Re: [DISCUSS] KIP-1159: Large message reference based Serializer

Omnia Ibrahim Mon, 11 Aug 2025 10:07:48 -0700

Hi Jun
> JR11. Do you think that we need to add key.serializers and
> key.deserializers or do you think covering large messages in value is
> enough?
The large message issue usually is a value issue, I never saw a key that is 
bigger than broker message size. If I would add key.serializers and 
key.deserializers it would be for consistency and maybe there are use-cases 
where developers want to apply multiple serializations in order on the key as 
well outside the context of the large message support. 
I updated the KIP to add these two configs now.


> JR12. We can load ComposableSerializer automatically if value.serializers
> or value.deserializers are specified. But, it seems that we could keep
> ComposableSerializer as an internal implementation. For example,
> ProducerInterceptors is automatically loaded when multiple interceptors are
> specified and is an internal class.
I updated the kip to highlight that the changes is updating ProducerConfig and 
ConsumerConfig to have new config for serializers/deserializers and not the 
actual class this is implementation details and not public interfaces. 

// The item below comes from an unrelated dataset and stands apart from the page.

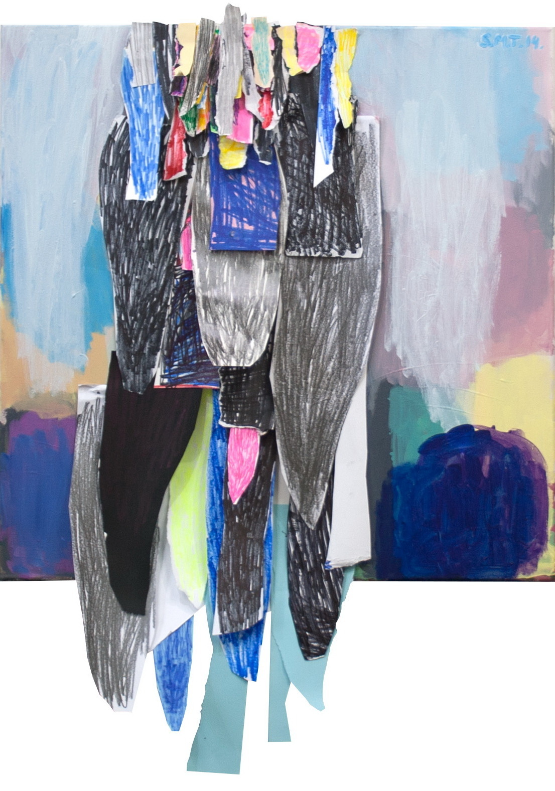 In her work, Sladjana Matić Trstenjak draws from landscape motifs and natural phenomena, which she gradually abstracts and creates colourful compositions in soft forms. The painting surface consists of several layers of coloured surfaces that overlap each other in seemingly rapidly painted layers. In the collage technique, the artist adds scaly structures that flow like a waterfall over the top edge and fall over the bottom edge of the painting in the middle of the painting surface. Shades of pink, sky-blue and light yellow colour are further accentuated through the contrast to the rough criss-cross surfaces painted in black. Using a variety of techniques, materials, shapes and colours, a playful effect is achieved, which at times feels as if the picture is sticking its tongue out at us.

> JR17. We could estimate the size after compression, but the estimator is
> not 100% accurate. It seems that it's simpler to just use the original
> message size.
We can keep it as original message size, I was thinking if it is good enough 
for max.request.size it might be good enough for this. I updated the KIP anyway 
to simplify it and keep it to the original size. 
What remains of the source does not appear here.